In all of the chaos and fear surrounding COVID19 we’re all considering our physical health and safety. Taking action as needed. Now what about your mental health?
Have you sat down and thought about how you and those close to you are coping?
Anxiety (and especially health anxiety) is a topic that has been discussed lately which is great to see. But I haven’t seen much yet about managing depression and isolation. If you want to share a link in the comments on this topic I’d love to read it.
Part of managing the health risks of COVID19 is self isolating if needed. As someone who has lived with major depression long term I’ve learnt to recognise warning signs that I’m not ok. Isolating myself is one of the signs I look for.
My kids and I have been home for over a week (my son has a cold). His school said to keep away. I’m grateful for their clear stance and being home has reduced my anxiety for my family. But being isolated has me worried about myself.
Usually when I start to self isolate it means my depression isn’t managed well. I feel comfortable and safe being at home and retreat further and further.
So.. I was curious to ask what do other people do in this situation?
Does anyone have realistic ideas that might help?
I’m waiting for my psychiatrist appointment and no doubt he’ll review my medicines. I’ll update at the end of the month and share what advice he has.
Above all I wanted to ask how do you distinguish between isolating as a symptom of Depression and isolating because of the virus?
If you know (or are) someone who manages mental health issues there are questions important to be asking right now…
What symptoms do you experience if your mental health is declining? How do you know when you are at risk and need to take action? What might it look like to me as an outsider when you’re struggling?
I’ll share my own warning signs (I manage recurring major depression and ADHD and have a history of suicidal ideation).
Perhaps it might make you think about how you or a loved one is coping right now and more importantly decide what steps to take to keep safe.
Withdrawing further and further from everyone and need more time alone to cope.
What this can look like to others:
I might sleep to avoid having to talk. Seem lost in thought. Be unable to follow conversation or focus. Snap at you or become teary for what seems like no reason.

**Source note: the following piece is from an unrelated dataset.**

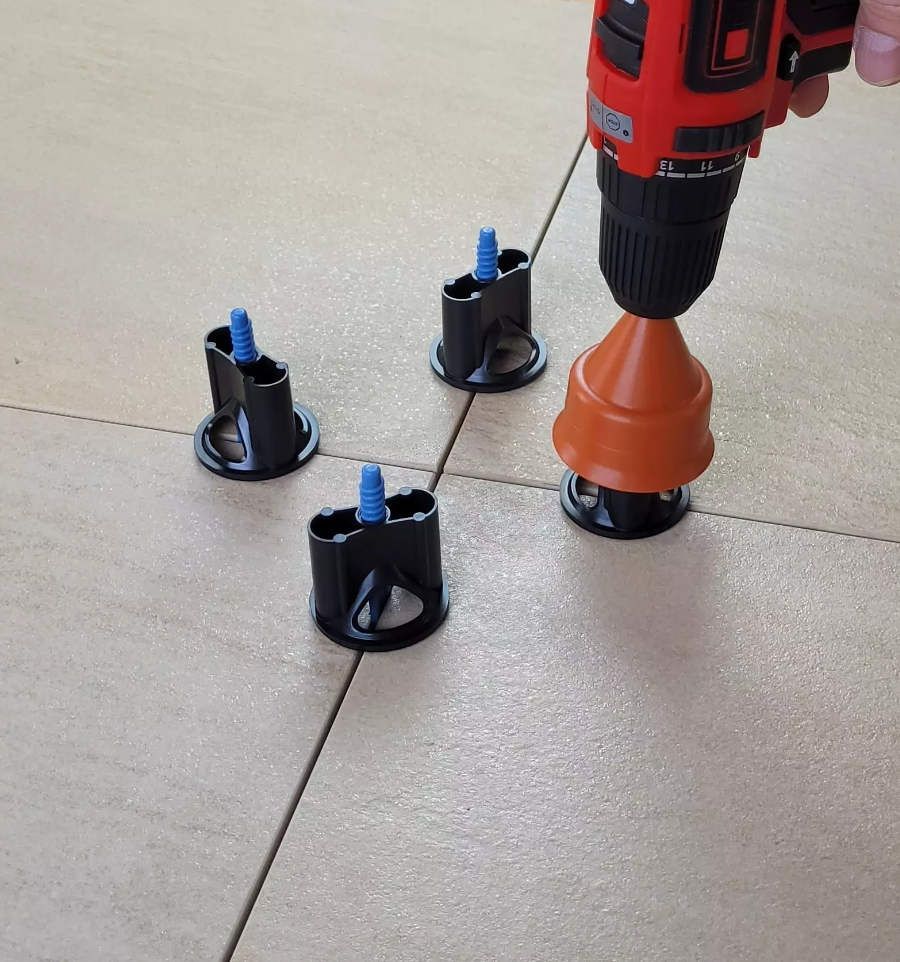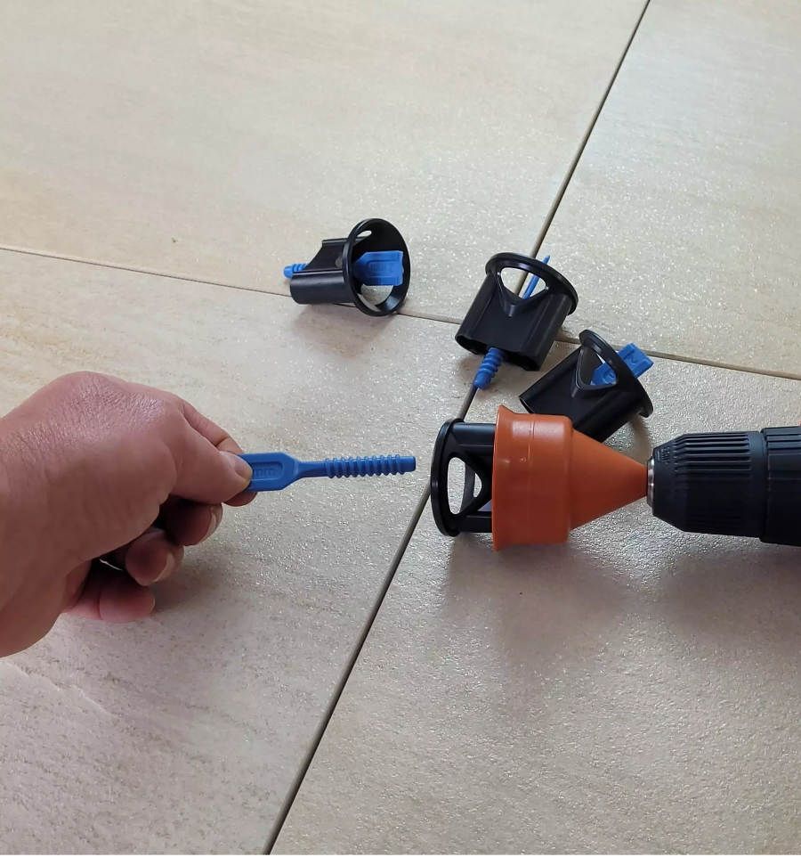 L'utilisation de nos têtes à visser est très simple et rapide tout en permettant un nivellement des carreaux sans défaut. Nous vous décrivons ci-dessous les étapes de pose des croisillons avec les cadrans.

The worse my depression becomes the harder it is to talk or write.
What can this look like?
I never answer the phone if you call. If I have to I’m blunt and cold. I’ll make any excuse not to make a phonecall. If you ask me to make an appointment I’ll do it online or not at all.
It can take days or weeks to get a reply to a text/email (if you get a reply at all). When I do reply it can be unpredictable. Maybe you’ll get prompt replies for a few days and then nothing again.
I’ve deleted nearly every post, blog, email or text I try to write. I’ve volunteered for BeyondBlue for years writing to others. I love it and it’s important to me and yet I’ve barely posted.
Others might notice…
I’m inconsistent. Might write to you and then disappear. When I’m present I care and might seem upbeat and even fine. Then I disappear yet again.
Other times you might see incomplete sentences or the writing is all confusing. That’s me trying to keep writing no matter what.
Alternating between needing to sleep all the time and insomnia.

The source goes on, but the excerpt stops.